Début du troisième roman, Roman noir ou Voilà les morts à notre tour d’en sortir :
L’histoire commence. Ce peut être la nuit. Roman noir. Pour nous quand nous y sommes. Nous y sommes toujours, attendons. Une de ces nuits où la colère. Le monde n’a pas changé, autour. Où nous nous retrouvons, venons. Il remue, frappe. Cherchons. Nous sommes pris séparés ensemble. La pluie ne tombe plus. L’orage se rassemble. Une pause. Alors, ensuite. Dans ce calme. La barque, que nous avons aperçue, vue, nous l’avons, aucun détail ni même le nom par exemple, ne manquait. Et tout près. Du bois. Nous aimons. Et presque à la toucher. L’eau. Elle était là soudain, sûrement, elle était
Je ne suis pas encore. Et tu parles. Je t’écris
Et le bateau avance : autre temps
Et les autres déjà – autre temps – ils couraient au-devant et ils étaient et ils étaient là-bas
La voix narrative raconte une mère, un enfant, une ville simple, un jardin, des saisons, un train qui roule à grande vitesse, une guerre coloniale, le profil d’un cycliste, un bateau qui naufrage, un repas de famille, le prénom Liliane, des jeunes filles, une colline, une révolte étudiante, un livre dont les illustrations ne se distinguent ni du lieu où il a été lu ni du lieu où celui-ci est écrit, autant de récits qui se diffractent en phrases de plus en plus courtes, de plus en plus elliptiques et rapides, inachevées non par oubli mais par trop-plein.
S’attacher à percevoir le temps par le regard en donne une appréhension particulière : prise en considération de la distance, flottement des dimensions, succession non linéaire des plans ; projection de l’empreinte des gestes, des timbres de voix ; dissolution progressive du sujet qui voit en un sujet qui énonce, comme si le regard forait, creusait, se faisant calque évidé par où ce qui est vu s’engouffre avant que le langage le reconstruise.

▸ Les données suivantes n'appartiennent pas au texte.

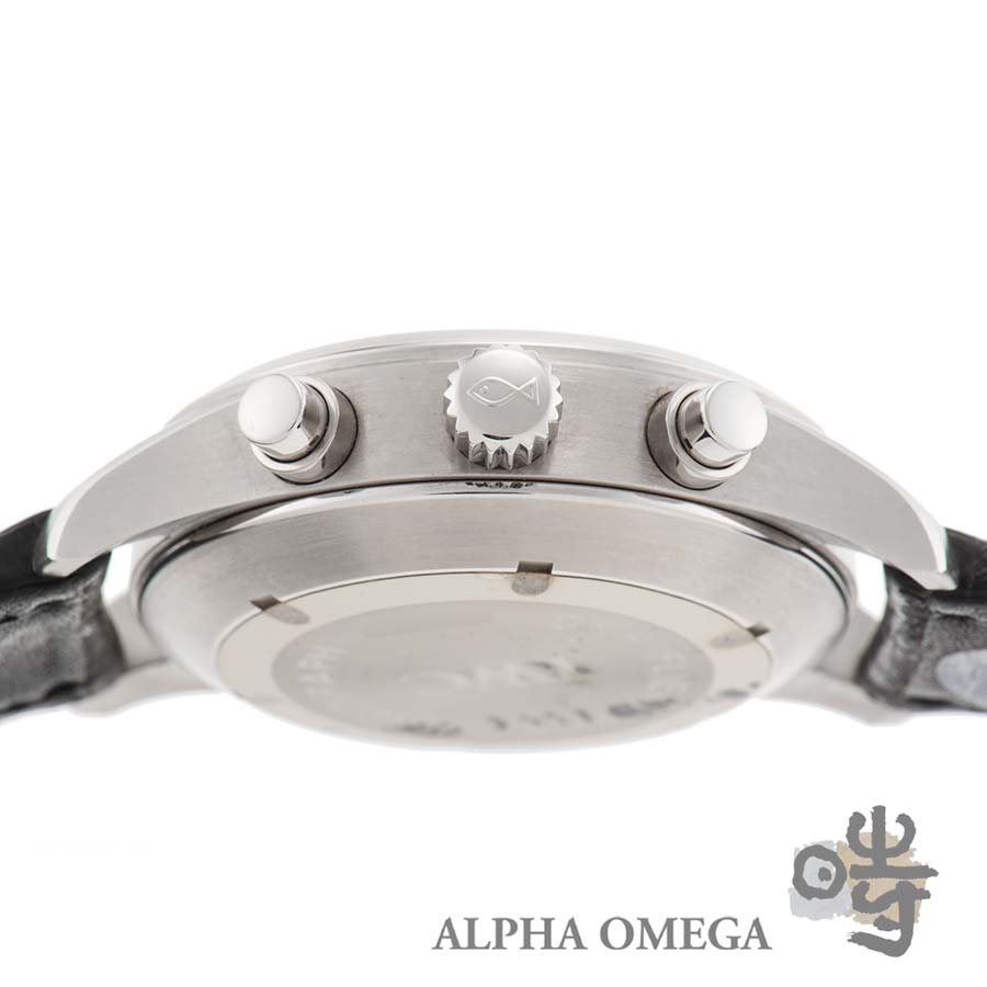 こちらはこちらは出荷当時の保護シールが残った未使用のような未研磨の個体です。フリーガーとフリーガークロノは生産終了後も根強い人気を持ち実用的なので、こうしたシール付きの個体数はかなり少ないと思います。シール付きなのでコレクションとしてもお勧めです。クロノ動作も良好で、エッジやヘアラインのメリハリも綺麗なオススメの個体です。(文:S)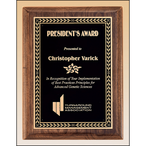 Walnut stained piano finish Airflyte board with leaf design plate. The same production techniques used to give expensive grand pianos their glossy look is available as a recognition award. Over six layers of lacquer are hand applied and polished to create our plaque boards. Laser engravable brass plate. Individually boxed.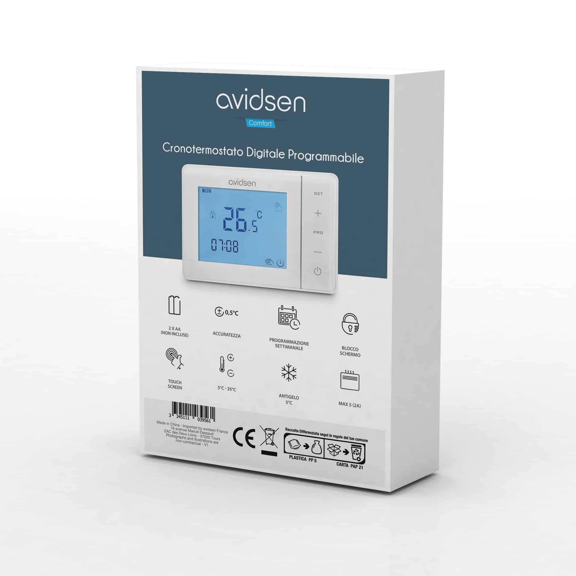 Controlla la tua caldaia o l’aria condizionata con questo termostato digitale programmabile a filo di Avidsen. È preciso con un’approssimazione di 0,5°C e facile da impostare per una programmazione settimanale che garantisca il massimo comfort a casa tua.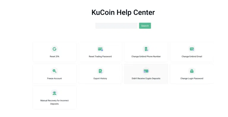 Bevor wir zu den persönlichen Erfahrungen kommen, werfen wir einen genaueren Blick auf das Kundensupportsystem von KuCoin. Dazu gehören: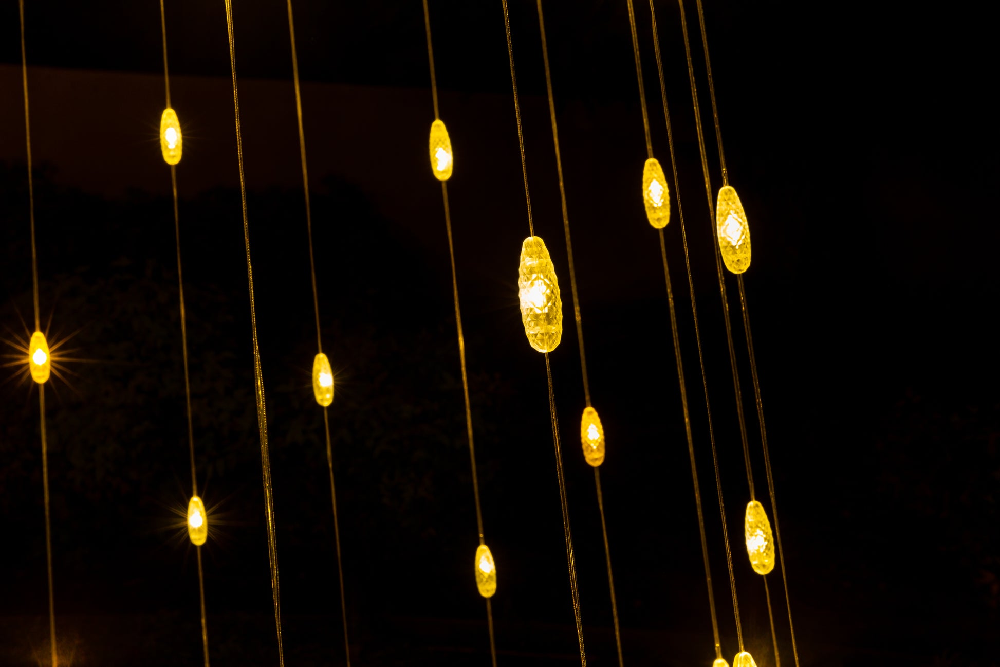 - What’s Included: 1x – Base, 1x – LED strands set, 1x – AC adapter, 1x – IR Remote, 1x – 33ft long extension cable

C’est moins l’écoulement des années qui est en jeu dans les trois romans d’Ouverture que leur passage en trombe dans des rues, bateaux, rivage maritime, forêt, intérieurs avec calendriers, nappes et papier peint, comme autour de ceux qui s’y tiennent plus ou moins malaisément, narrateur compris. Eux et lui, après avoir été précipités dans la dispersion de leurs actes et de leurs paroles, le présent du récit les rassemble et les conduit peu à peu vers leur futur accompli : ce qui est écrit et que nous lisons.
Et toi tu as le front brûlant et dans ma main derrière, tous tes cheveux épais sont rassemblés dans mon poing sur ta nuque
Avec les pavés et les murs et toutes les vieilles pierres éclairées, cette place quand tu pars que tu n’oses pas traverser
Ton crâne, comme façonné, bossué, comme martelé ou fabriqué ainsi assemblé et petit
Les pointillés, dessous
Puis ton front. Et ton visage non plus la face n’est pas symétrique
Toute la tête ainsi à la fois qui fuit et qui est très présente
Puis ton visage maintenant que je mets et ton sourire entier [4]
J’ignore si ces romans de Jean Thibaudeau ont été traduits en portugais. Si Antonio Lobo Antunes les a lus, il aura perçu dans cette trilogie le même projet de construire un récit simultané de la parole et de l’histoire.